The article argues that what many thought was a decline of “Big Tech” was premature. Rather than dying out, leading technology companies have transformed themselves — evolving from traditional internet-era platforms into modern AI-first platforms. The narrative that “startups will take over” lost steam as companies like Google, Amazon, Meta Platforms and Microsoft doubled down, leveraging their massive existing assets to dominate the new landscape.
Traditionally, tech-platform dominance rested on three pillars — user base, data, and cloud infrastructure. In the AI era, though, those same pillars have morphed: data has become “training fuel,” users provide signals and feedback, and cloud infrastructure powers massive compute for AI model training and deployment. Put simply: the underlying architecture of value creation has shifted from “content and interaction” to “intelligence and compute.” This shift gives enormous advantage to those who already have scale — making the biggest players more entrenched, not less.
The essay highlights that AI is no longer just about neat software or gimmicky features — it’s an infrastructure business. Running cutting-edge AI requires massive capital expenditure: hyperscale data centers, high-density compute clusters, memory-heavy architectures, energy, cooling — the works. These requirements make it infeasible for most small players to compete at the frontier. In effect, the “arms race” for AI infrastructure has turned into a moat: whoever controls compute, data, and deployment capability, controls the AI landscape.

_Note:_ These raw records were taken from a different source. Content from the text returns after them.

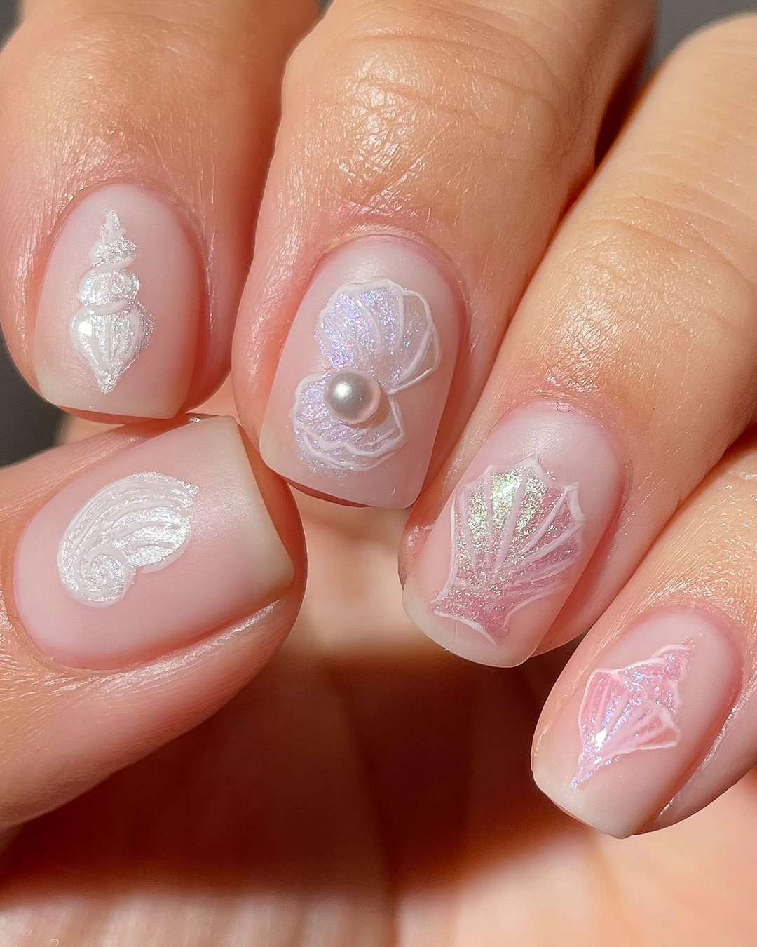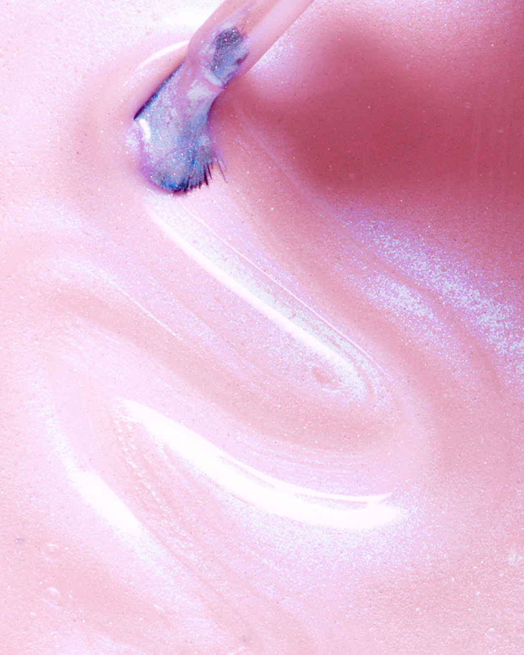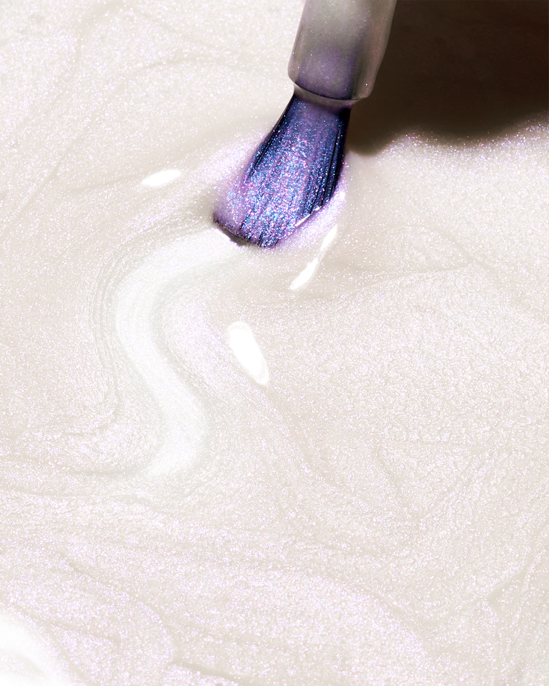 A soft off-white polish with a fine pink and blue shimmer finish.
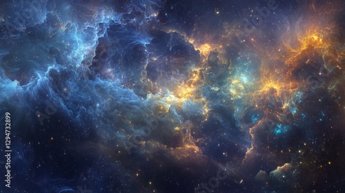 © Roma, Fototapeta premium A deep blue nebula with swirling patterns and patches of orange and yellow.
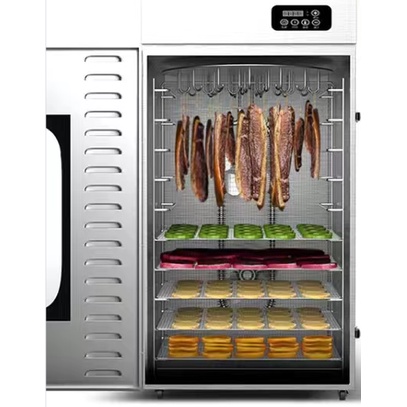 เครื่องอบเนื้อชั้นเดียวแบบใหม่ เครื่องเป่าลมแห้งสำหรับเนื้อปลาหมูเบคอนไส้กรอกไก่แห้ง เครื่องเ ป่าไส้กรอก
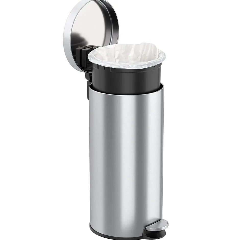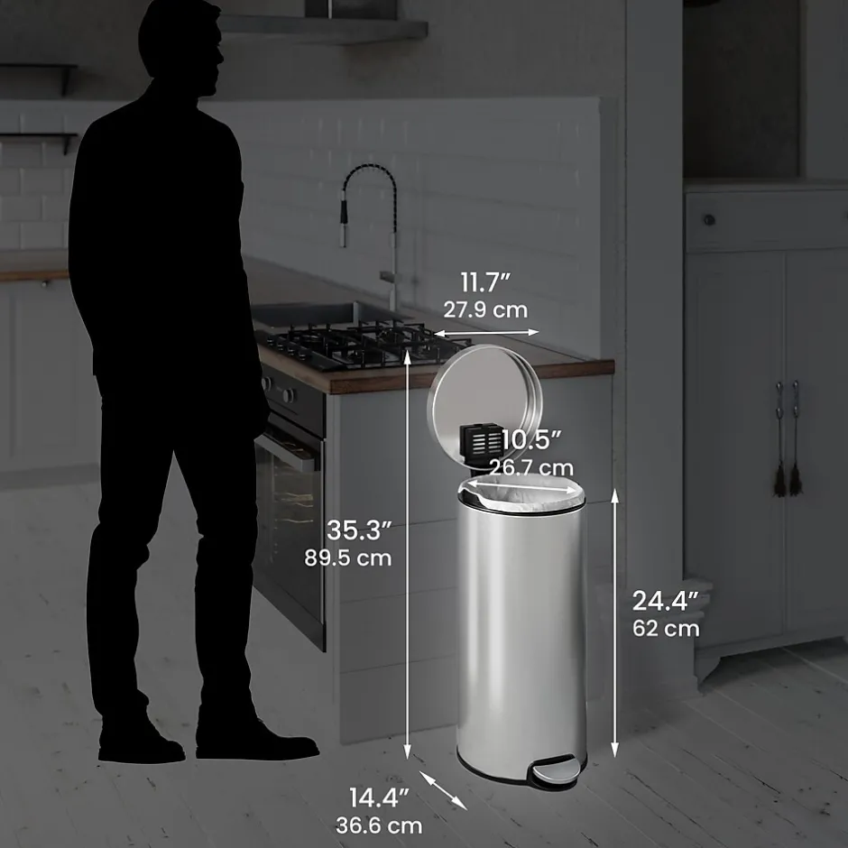 - Round step trash can ensures clean and litter-free space and provides hands-free operation
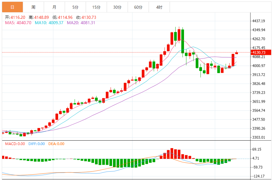 周一(11月10日)纽约尾盘,现货黄金涨2.84%,报4114.96美元/盎司,日内持续走高,交投于3998.67-4115.84美元区间。COMEX黄金期货涨2.76%,报4120.60美元/盎司。
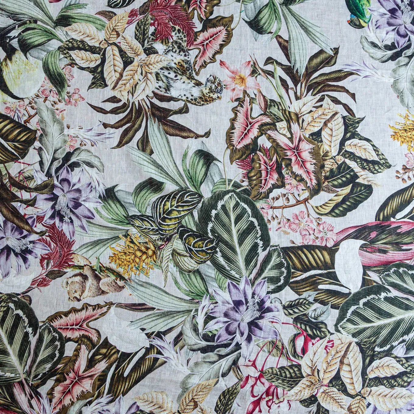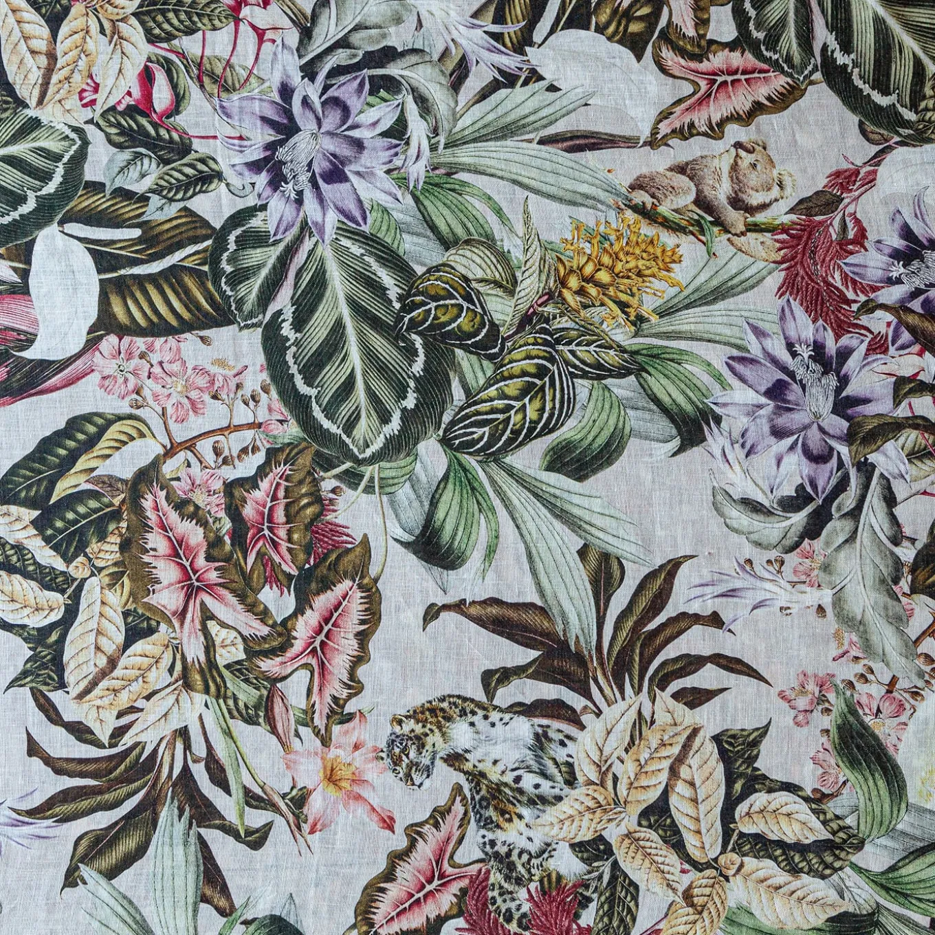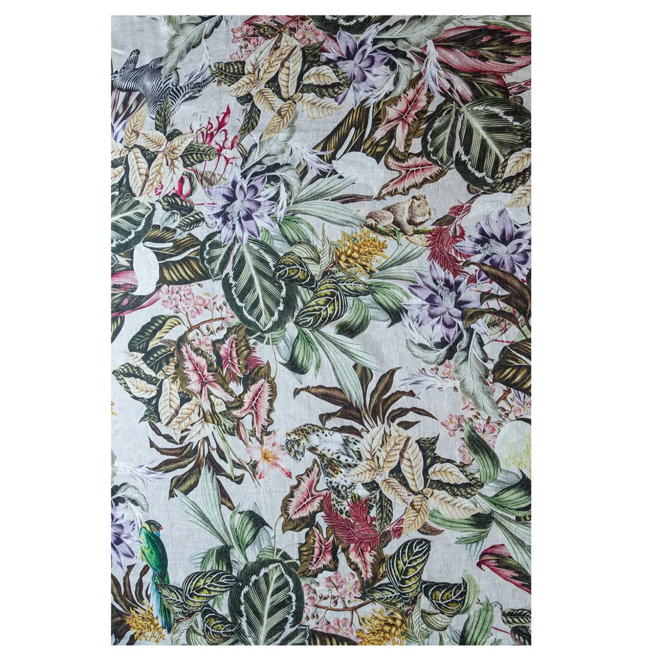 Ispirata al mondo degli animali esotici, questa tovaglia di lino è composta da un fitto intreccio di foglie e fiori tropicali da cui fanno capolino vari animali tra cui koala, giraffe e ghepardi. Un design unico e d’impatto, perfetto per ogni situazione. Disponibile in diverse dimensioni. Per ulteriori informazioni, rivolgersi al Concierge.
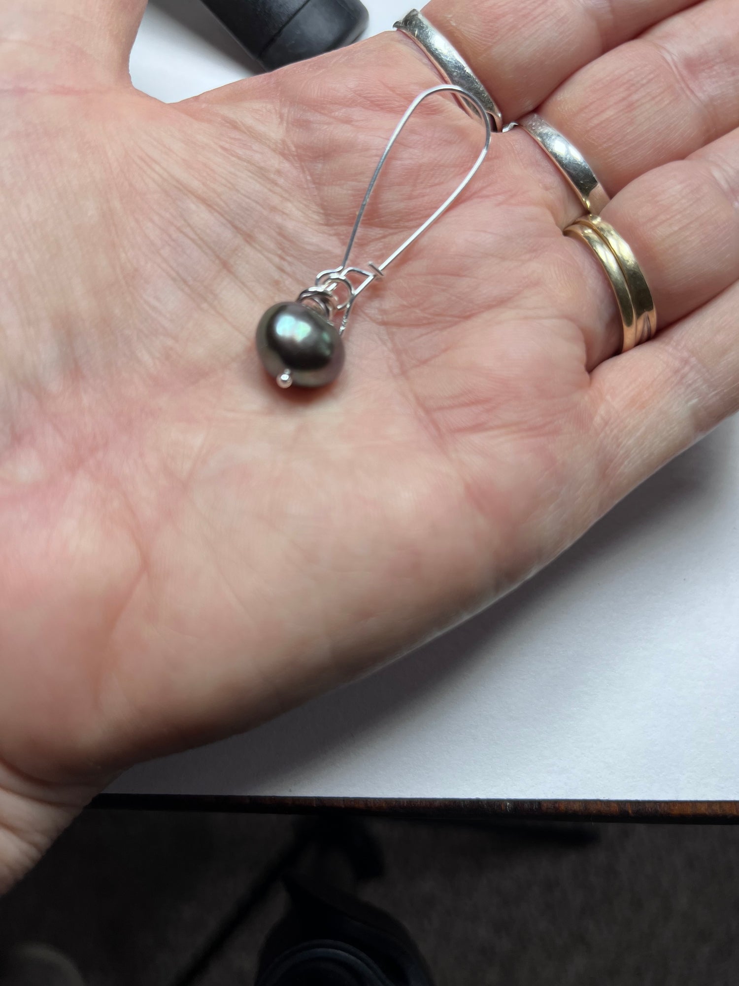 Amazing iridescent freshwater black pearls suspended by long sterling ear wires and topped with a sterling twist!

This transformation doesn’t necessarily kill innovation — but it changes how and where it happens. For smaller companies or startups, competing purely on features or ideas becomes harder. The leverage is now with firms that control infrastructure and massive data-scale. That said, smaller players might still find opportunity by focusing on niche verticals, building on top of big-tech AI platforms, or specializing in trust, compliance, domain-specific workflows or deep vertical integrations.